It’s a funny thing, the darkness. How it plays with our ailments, makes my kind sick, apparently. It’s something new, something I didn’t know about the dark.
It springs a question to mind, “Is it like the dark in the Wastelands?”
The darkness there is different. It changes time. Maybe it’s because of all the time pockets peppered throughout the Wastelands, but unusual things happen there often.
Pregnancies are pushed into their third trimesters too quickly, humans age a decade within a single phase. The Wastelands are to be passed through in a hurry for anyone not of fae blood, or even dark blood. The dark fae are the only ones who are completely unaffected by the strangeness there.
So if Pandora’s ailment is made worse by the darkness here, she can recover better if returned to the light.
Father hums on the question. “It has an unusual effect,” he concedes. “The healer says the dark here is fighting her ailment, but that it is also fighting her body’s response. That could be what is worsening her symptoms.”
I nod like I understand, and to some degree I do, but no matter how much I read about these time shifts in the Midlands and Wastelands, I can’t quite seem to get a grasp on it.
The study of time pockets and time winds is better left to the scholars, the scribes, and the iilra.
“Fret not, child.” Father’s smile is reassuring. “When Pandora returns, I’ll call for you—and we’ll meet as a family.”
It eases me, so I smile and nod against the bones of my hands.
I meet Eamon by the battle blocks come the start of the Breeze. Samick sits with him, hunched over on a stack of crates, his hands clasped between his thighs.
Samick’s icy blond hair looks freshly cropped, made starker with the cool touch of his gleaming pale green eyes and the marble-like pallor of his complexion.
Something about Samick unnerves me more than usual around the dark ones. Something otherworldly, like he’s not entirely one of us, one of them—and when he throws his gaze to me, like he reads my thoughts, I visibly shudder, like my body senses something different in his, not even an instinctual hiss escapes me.
Such little friendliness to be found in Samick, he doesn’t offer a mere smile of reassurance or utter a laugh at my expense. He just looks at me, an unnatural stillness to him, a chilling gleam in his eyes, the green so pale yet glowing that I think of the morning sun rays bouncing off the surface of a shallow pond.
Then he looks away, back to the range.
I trace his gaze, but there’s nothing of interest down there. Orno oneof interest, really. Just rows of fae pitching dagger after knife after silver-star into the wooden targets.
My steps are careful as I wander to come up behind Eamon. He’s watching Aleana talk to Caius down the hill, but my natural cowardice has me using him as a shield between myself and Samick.

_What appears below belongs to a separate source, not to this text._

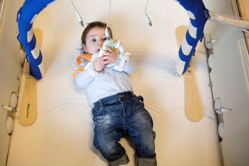 CareToy, la palestra biomeccatronica di tele-riabilitazione. “CareToy – spiega il professor Giovanni Cioni, ordinario di Neuropsichiatria Infantile, Università di Pisa e Direttore Scientifico IRCCS Fondazione Stella Maris – è una palestrina intelligente, ideata e sviluppata nell’ambito di un progetto europeo in collaborazione con l’Istituto di BioRobotica della Scuola Superiore Sant’Anna, in cui la tecnologia permette di portare a casa, già dai primissimi mesi di vita, il trattamento riabilitativo precoce, fondamentale per il futuro sviluppo di bambini a rischio di paralisi cerebrali. Oltre 2000 sensori, integrati nel sistema CareToy, permettono di misurare e monitorare a domicilio il comportamento dei bambini. Questi dati vengono trasmessi attraverso la rete al centro clinico, dove medici e terapisti seguono il loro andamento, sostenendo le attività di gioco più adeguate allo sviluppo che i genitori potranno svolgere quotidianamente con il bambino. In questo modo a casa e semplicemente giocando con i genitori è possibile per i bambini nati con dei problemi contribuire ad allontanare il rischio di sviluppo nel tempo di disturbi neurologici, o quantomeno ridurne la gravità. La palestrina CareToy, esposta anche alla stazione Leopolda per gli aspetti bioingegneristici, è stata sperimentata su un ampio gruppo di bambini nati pretermine con risultati scientifici, pubblicati su riviste internazionali ad alto impatto, che ne hanno dimostrato l’efficacia nella promozione dello sviluppo psicomotorio. Proprio in questi giorni ha preso il via nella Regione Toscana, in collaborazione con l’AOUP e l’Ospedale Meyer, la sperimentazione clinica del sistema in bambini con lesioni cerebrali”. Nell’ambito del progetto CareToy verrà inoltre in esibizione una piattaforma clinica computerizzata dedicata allo studio quantitativo della funzionalità visiva nei primi mesi di vita, indice precoce ed altamente predittivo del futuro sviluppo neuropsicomotorio.

For too long, I stand here and watch all the violence turn to blood and broken bones on the battle blocks. The closer we get tothe first passage, the more feral they all seem to become—even my kind.
Now, all the contenders have figured out which opponents are worthy. By now, they have sniffed out matched opponents, those who give them a good spar, a challenge, and now they fight, and fight, and fight—all preparing for the passages where they will fight again, but to the death.
It’s strategy, I know that as I study them from my safe spot up by the courtyard wall. Light ones must know which dark warriors need stronger opponents, and the dark ones need to find any weaknesses they can exploit.
Pandora’s ailment is such a disadvantage, and I worry for her. She’ll be thrown into the passages blind. And she had such little time to build up alliance among her own people, so I hope she keeps her head down for the Sacrament, and just makes it out alive. None of the litalves will hurt her, but alliances mean she’ll be better protected.
But getting so close to the first passage means that not all contenders are bleeding themselves on the mats, or exhausting their bodies on the ranges, or even breaking their bones on the assault courses.
Some of them, the smarter ones, are up here by the courtyard. Like Samick, they are perched on crates, some are sharpening their arrow tips, others polish their blades, and some are just standing around in small groups of friends. But around a hundred of the fae just… hang out.
From up here, some watch the battle block. But others pass around valerian (or the black Dorcha version of it that looks somewhat poisonous to one like me) or drink homemade wine straight from bottles.
Daxeel is one of them.
With Rune, and other dokkalves I don’t recognize, he has the butt of a black smoke pinched between his fingers. There’s so much I notice in that one snapshot of an image. Not just the uneasy gloss of the inky paper wrapped around some sort of dokkalf version of valerian—something that looks more venomous than Daxeel’s occasional glances at me.
I notice his fingers.
Not just the thinner lines of his tattoo that winds around his fingers, buthis nails.
I remember so much about him back then, and all of it to the detail. I cling to the details. So I don’t doubt my memory of his fingernails all that time ago. They were something like humans, regular and plain and filed short, even if they were black. Mine are translucent, like a human’s, a tad longer and sharper than a human’s, but nowhere near as predatory as that of a fae.
Now, Daxeel’s nails aren’t cropped anymore. They are sharp and black, like many other dokkalves around me, and they remind me something of short claws.